Noch etwas anderes folgte auf diese Versammlung in der Paulskirche. Die so zahlreich vertretenen Theologen übertrugen die demokratischen Ideen nun auch auf die Strukturen der Kirchen. Immerhin waren neben den Bürgerrechten wie Presse-, Meinungs-, Versammlungsfreiheit und der Abschaffung der Todesstrafe auch die bis heute geltenden Regeln zur Religionsausübung festgelegt. Dass es in Deutschland eine volle Glaubens- und Gewissensfreiheit gibt und niemand verpflichtet ist, seine religiöse Überzeugung zu offenbaren, ist eben dieser Nationalversammlung zu verdanken, die vor 175 Jahren in der Frankfurter Paulskirche zusammentrat.[6] Die demokratischen Organisationsformen in den evangelischen Kirchen haben hier Schubkraft bekommen. Synoden als Parlamente kirchlicher Selbstverwaltung gab es schon vorher. Aber seit der Versammlung in der Paulskirche sind demokratische Strukturen weder in der Politik noch in der Kirche wegzudenken. Zugleich erinnert das Scheitern der Nationalversammlung daran, wie gefährdet die Demokratie ist. Wir müssen immer wieder um sie ringen.
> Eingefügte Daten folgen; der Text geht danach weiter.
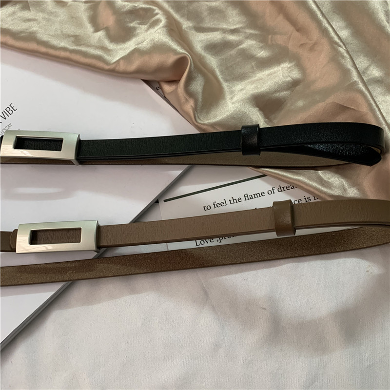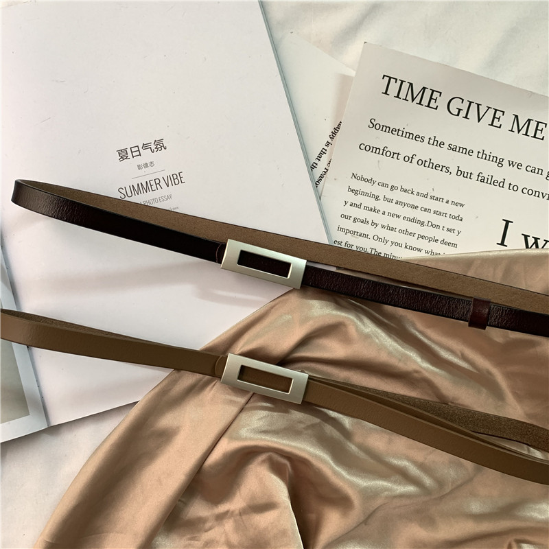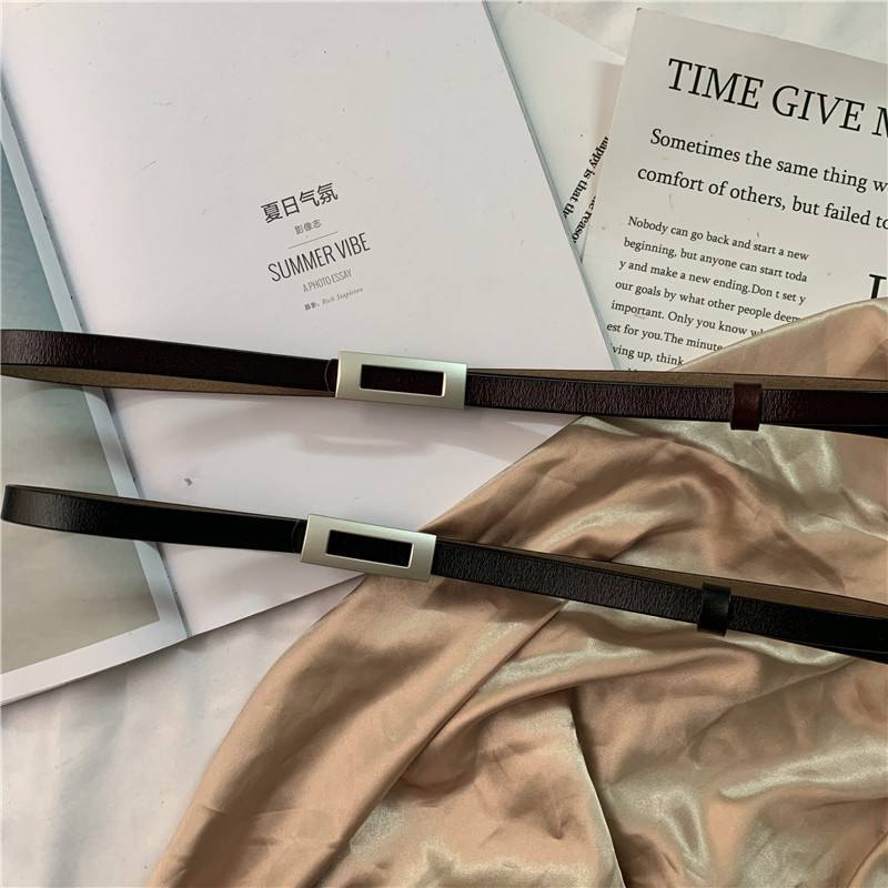 Genuine Leather Slim Belt Women Fashion Brief About 100 Hitch Decoration Korean Cow Leather Slim Leather Slim Leather Belt Women's Sant Pants Belt Pants Belt

Musik: „So lasset Trompeten schmettern“ (Chor) oder: Introduktion. Ferdinand Ries: Die Könige in Israel

 


[1] Verfassung des Deutschen Reiches vom 28. März 1849 (Paulskirchenverfassung www.documentarchiv.de/nzjh/verfdr1848.htm

[2]www.bundestag.de/parlament/geschichte/parlamentarismus/1848

[3] Pfarrer sind: Pascal Kober FDP, Michael Stübgen CDU.

[4] Melchior von Diepenbrock, Geistlicher Blumenstrauß aus christlichen Dichter Gärten, Sulzbach 1852 S. 159f.

[5] Melchior von Diepenbrock, die Zeichen der Zeit, Regensburg 1841. S. 21f.

[6] Verfassung des Deutschen Reiches vom 28. März 1849, Artikel V §144.